San Mamés se cierra sobre sí mismo en una tarde de primavera que ya es de balance. El Athletic Club, 12.º en La Liga con 45 puntos y una diferencia de goles total de -13 (41 a favor y 54 en contra), ha firmado un 1-1 ante un Celta Vigo que llega a la penúltima jornada instalado en la zona noble: 6.º con 51 puntos y un balance global de +4 (52 a favor y 48 en contra). Following this result, el guion del partido encaja con el ADN de ambos: un Athletic vulnerable pero competitivo, y un Celta pragmático, sólido lejos de casa.

El contexto clasificatorio pesaba. El Athletic afrontaba su 19.º partido en San Mamés, donde hasta hoy acumulaba 9 victorias, 3 empates y 7 derrotas, con 22 goles a favor y 21 en contra.

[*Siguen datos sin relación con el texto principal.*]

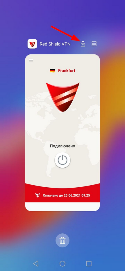 1. «Закрепление» приложения. Нужно сделать так, чтобы над приложением Red Shield VPN в списке запущенных приложений появился замок.
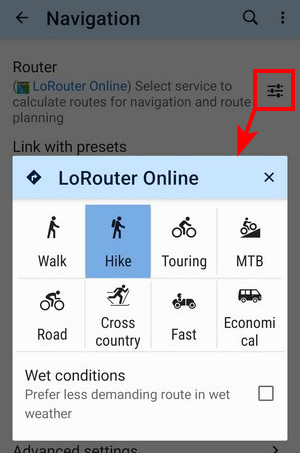 Here you can set up the default service for calculating routes for Navigate to feature and the Route planner. Locus has its own service LoRouter but it can also cooperate with external routers. Each service has specific properties, some are functional online only, and some work offline (after downloading offline navigation data).

Un equipo que en casa marca de media 1.2 goles y encaja 1.1, acostumbrado a partidos cerrados, decidía insistir en su libreto: 4-2-3-1, posesión estructurada y amplitud por bandas. Enfrente, un Celta que ha hecho de sus viajes una fortaleza silenciosa: 8 triunfos, 7 empates y solo 4 derrotas fuera, con 24 goles a favor y 20 en contra; un promedio de 1.3 goles marcados y 1.1 encajados lejos de Balaídos que explica por qué su candidatura europea es algo más que un sueño.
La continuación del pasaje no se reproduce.